2. Write down the decimal expansions of those rational numbers in Question 1 above which have terminating decimal expansions.

Solution:

(i) 13/3125

13/3125 = 0.00416

(ii) 17/8

17/8 = 2.125

(iii) 64/455 

Has a Non terminating decimal expansion

(iv)15/ 1600

15/1600 = 0.009375

(v) 29/ 343 

Has a Non terminating decimal expansion

(vi)23/ (2³5²)

23/(8×25)= 23/200

23/ (2³5²) = 0.115

(vii) 129/ (2²5⁷7⁵)

Has a Non terminating decimal expansion

(viii) 6/15 

6/15 = 2/5

(ix) 35/50 

35/50 = 7/10

35/50 = 0.7

(x) 77/210

Has a non-terminating decimal expansion.

Q3 :

The following real numbers have decimal expansions as given below.

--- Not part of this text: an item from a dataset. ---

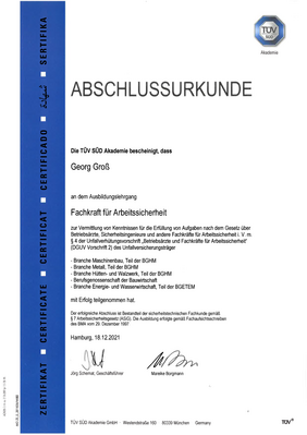 Die TÜV SÜD Akademie hat auf qualitativ sehr hochwertigem Niveau Kenntnisse über Betriebsärzte, Sicherheitsingenieure und Unfallverhütung vermittelt. Dank dieser intensiven und sehr guten einjährigen Ausbildung wird der seit 2019 tätige Georg Gross das Tätigkeitsfeld Arbeitssicherheit der Krieg & Fischer Ingenieure GmbH mit seinem Wissen und Know-how bereichern.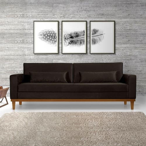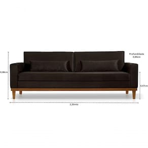 assento com espuma D26, manta acrílica e percintas de borracha, encosto fixo, sendo as almofadas maiores com espuma D26 + manta acrílica e almofadas menores de apoio com enchimento 100% plumante e percintas elásticas de apoio, cada braço mede 0,14cm de largura com espuma D26. Estrutura em madeira maciça de Eucalipto 100% reflorestamento, Tecido 100% Poliéster. Suporta até 110 kg distribuídos sobre a área do assento. Os tecidos podem sofrer alterações de tonalidade, dependendo do lote de produção e também em relação a tela do seu monitor/celular, produto produzido de forma artesanal podendo haver pequenas variações nas medidas, Os objetos de decoração que ambientam as fotos não acompanham o produto; Nossos produtos são padronizados, não permitindo qualquer personalização dos mesmo; certifique-se que o percurso que o produto fará permite a passagem, não nos responsabilizamos pela montagem/instalação do produto. Nos responsabilizamos pela entrega até a porta/portaria. Após a conclusão da entrega no endereço solicitado, o transporte até o local de uso ficara sob responsabilidade do cliente, caso neste momento haja problemas ou danos no produto, ficará a cargo do mesmo: As transportadoras não sobem escadas ou elevadores;

In each case, decide whether they are rational or not. If they are rational, and of the form p/q, what can you say about the prime factor of q?

(i) 43.123456789 (ii) 0.120120012000120000…

Solutions:

(i) 43.123456789

Since it has a terminating decimal expansion, it is a rational number in the form of p/q and q has factors of 2 and 5 only.

(ii) 0.120120012000120000. . .

Since, it has non-terminating and non- repeating decimal expansion, it is an irrational number.

Since it has non-terminating but repeating decimal expansion, it is a rational number in the form of p/q and q has factors other than 2 and 5.